Chaining function may work for `floats` into `integers`, but I don't think it is possible to do the same when converting `f64` into `f32` (or any big floats to a smaller float). Note that I only used integer in the above example, because it's easier to see what the result will be when rounding compared to the same operation with floats.

Also `ceil()` is like `approx_toward_infinity`, but only for positive numbers and it doesn't work for `f64` to `f32`. If you want `approx_toward_positive_infinity` for negative numbers, you need to use `floor()` with the same limitation.

1 Like

One thing that is missing from both the current and proposed APIs is a way to do ergonomic casts that panic on out of bounds / overflow. Yes, I can litter my code with unwrap() calls, but there is a reason that Vec supports indexing rather than requiring get().unwrap() calls everywhere: the common option should ideally have the most concise syntax. This absence is especially annoying for u64 <--> usize conversions since in many cases realistically my code is never going to run on anything other than a 64-bit machine, yet I still have to spend mental cycles thinking about it.

That is not how `.ceil()` , `.floor()` and `.truc()` work, they are exactly what you are asking for. I have seen the names misused in the way you described (old versions of Excel), but most programing language (including Rust) follow their mathematical definition.

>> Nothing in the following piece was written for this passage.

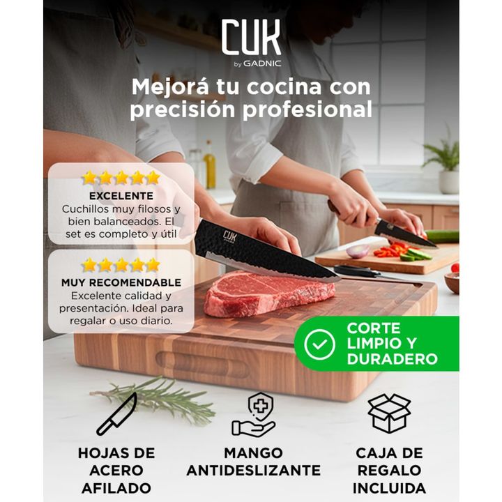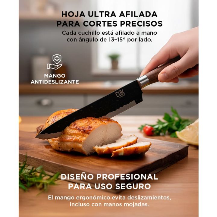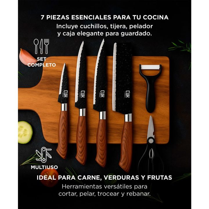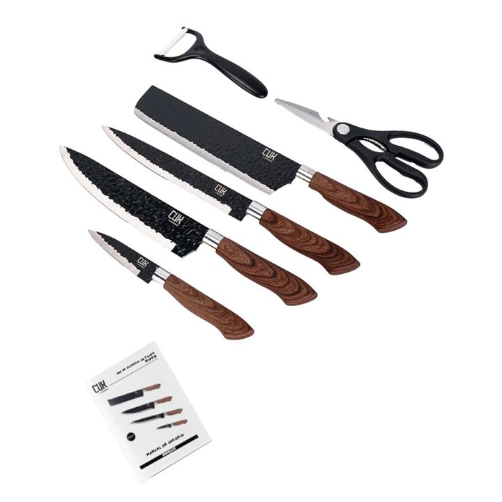 ¡Nuevo Set de Herramientas de Cocina de Acero con Mango Antideslizante! Juego de cuchillos todo en uno incluye cuchillo de Chef de 8 , cuchilla pequeña de 8, cuchillo de tallado de 8 , cuchillo de pelar de 3,5, tijeras y pelador Extremadamente afilada: Cada hoja de cuchillo está hecha de acero forja...

There is no equivalent for `f64` to `f32`, but I don't see any use them. If someone can provide a good use then we can consider add them in the future.

2 Likes

Prior art:

That RFC proposed what this RFC proposes, basically, and was rejected because library team wanted to try to do it with a trait first (`TryFrom`).

Differences:

• `cast` was used instead of `to` (`wrapping_to` -> `wrapping_cast`).
• The `Option`-returning operation followed the analogy with arithmetic operations too (`checked_add` -> `checked_cast`, not `try_into`).
• The RFC also introduced a simple `cast` operation that panicked on failure, like simple arithmetic operations (`add` -> `cast`).
• Conversions involving floats weren't considered.

(I still think that RFC did everything right :p)

5 Likes

I would personally really like to see a better casting method for integers. right now you can't to u32->usize or usize->u32 safely. there should be a way to do this conversion with compile time safety (I don't want my code to compile if this can't be done safely).

2 Likes

I suppose would could have modules with names like `at_least_32bit` in `core::arch` and `std::arch` that only exist for corresponding targets. But I think this is unique enough that it deserves to be proposed in its own RFC. So I’m not planning to integrate that idea in this proposal, but feel free to pursue it separately!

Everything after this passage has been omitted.